Here is the altimeter mounted on an electronics bay for the outboard rocket.
Update 2 April, 2006:
I've had an issue with the altimeter I've been trying to resolve for some time. The altimeter seems to intermittently fire the main channel charge. Twice now, I've had a rocket on the pad, armed the altimeter, then after a minute or so the main channel fired. The thing is, I haven't been able to reproduce the problem on the work bench. It seems to work fine for hours on end. The first unit I built has flown many times and never had the problem once. So I thought the problem was somewhere in the second altimeter itself. Last week, I built another new altimeter, and guess what, it did it too, but only once and on the work bench this time.
The problem is twofold: First; the reason I can't reproduce it on the work bench is that it only seems to do it upon first power up.

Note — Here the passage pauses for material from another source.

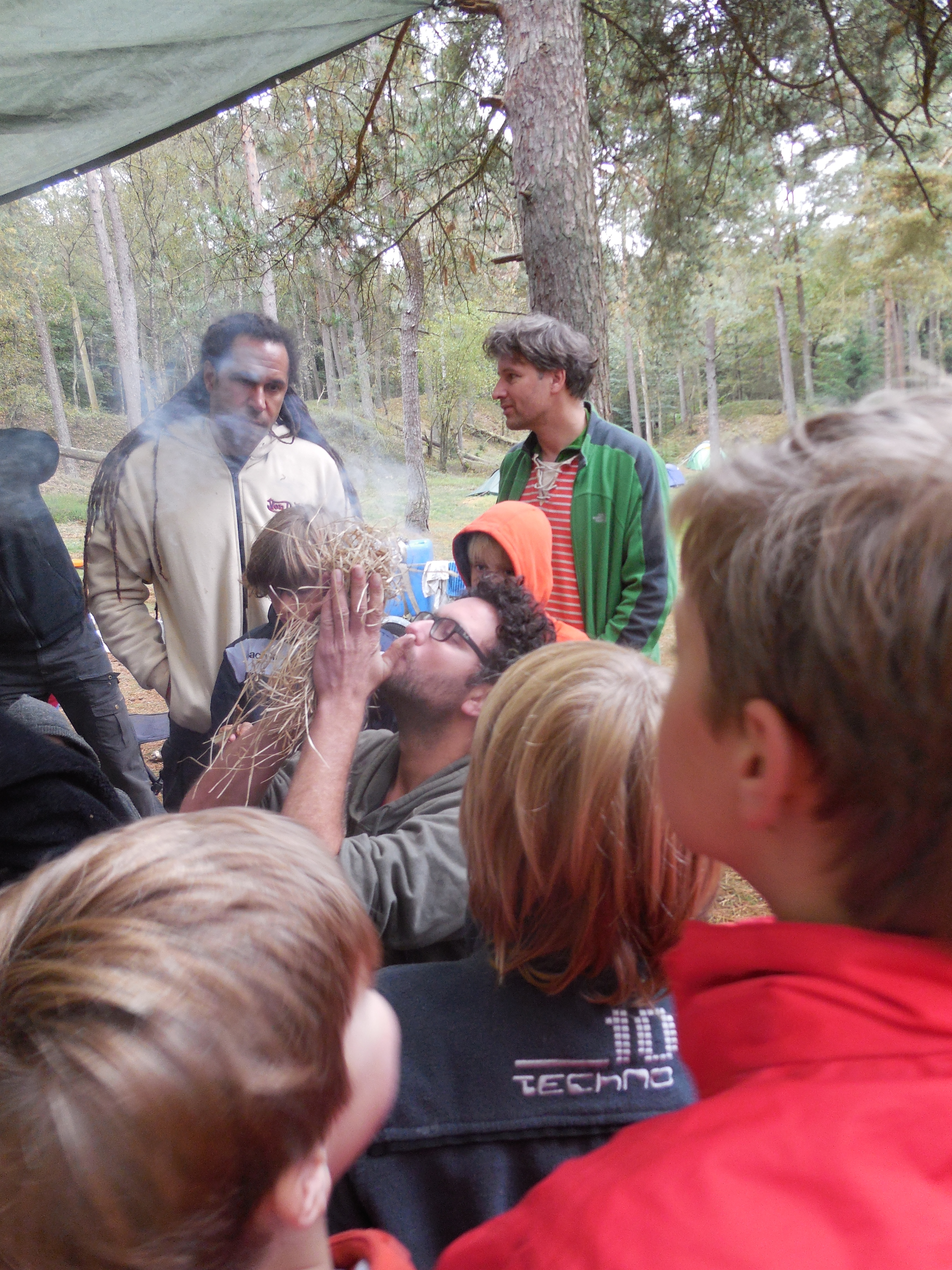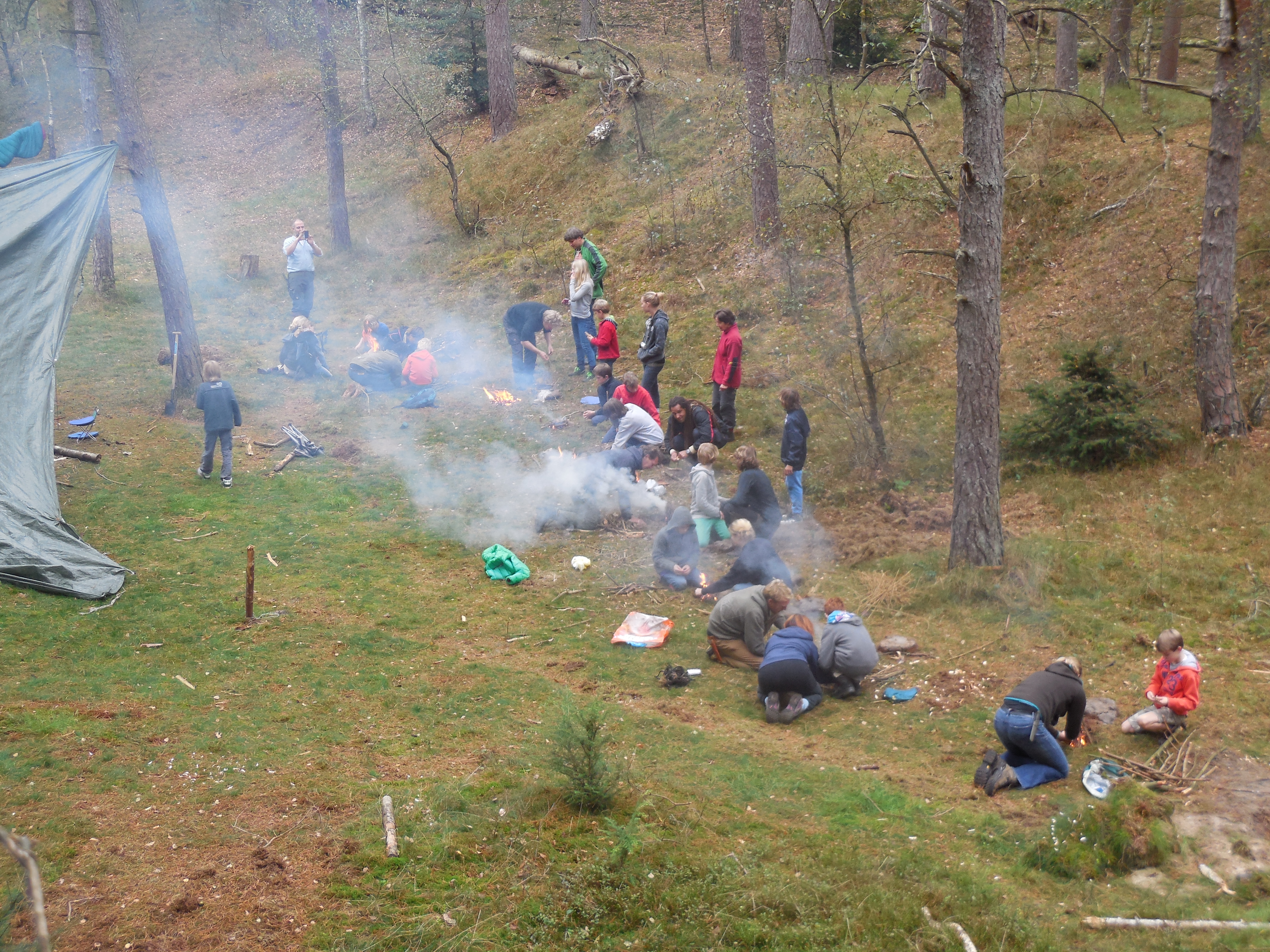 Wij gebruikten een reuze vuurboog en zijn met ons allen misschien wel een uur bezig geweest om vuur te maken. Maar de euforie was dan ook groot toen alle vuurtjes brandden.
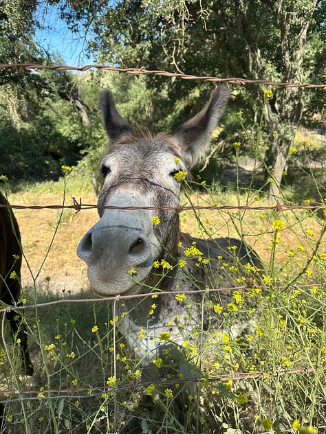 As we transition to the warm and dry season, the trees are still leafy green, and the golden hills are dotted with clumps of bright yellow mustard and charming, but deadly hemlock.

It's like the pressure transducer has to warm up first. Once the unit has been on for a few minutes, it doesn't do it again, regardless of turning it off and back on again. What happens is the pressure transducer is drifting enough upon initial start up that it thinks it is in flight.
The second problem is in my code. Obviously the program isn't running quite as expected. Once lift off is detected, it should loop until apogee is reached, fire the apogee charge and then sample for main deployment altitude. I'll have to look at the code again at some point to figure out why it skips the apogee and goes into the main sub routine.
For the time being, I'm doing a work around. A longer warm up time when the altimeter is first turned on should help, I'm also increasing the altitude for lift off detection from 300' to 600'. Those two changes should prevent the altimeter from prematurely leaving the lift off detection routine. I'm also increasing the apogee detection variance, just in case the unit drifts some at apogee too.
The good news is, this isn't a problem that would threaten one of my flights because I use a main deployment via a PIRM 2, and the worst that would happen if I had early main deployment would be main chute deployment with the drogue at apogee. But if someone uses the altimeter with a more conventional dual deployment, it could cause serious damage if the main chute charge went off early. Just a heads up!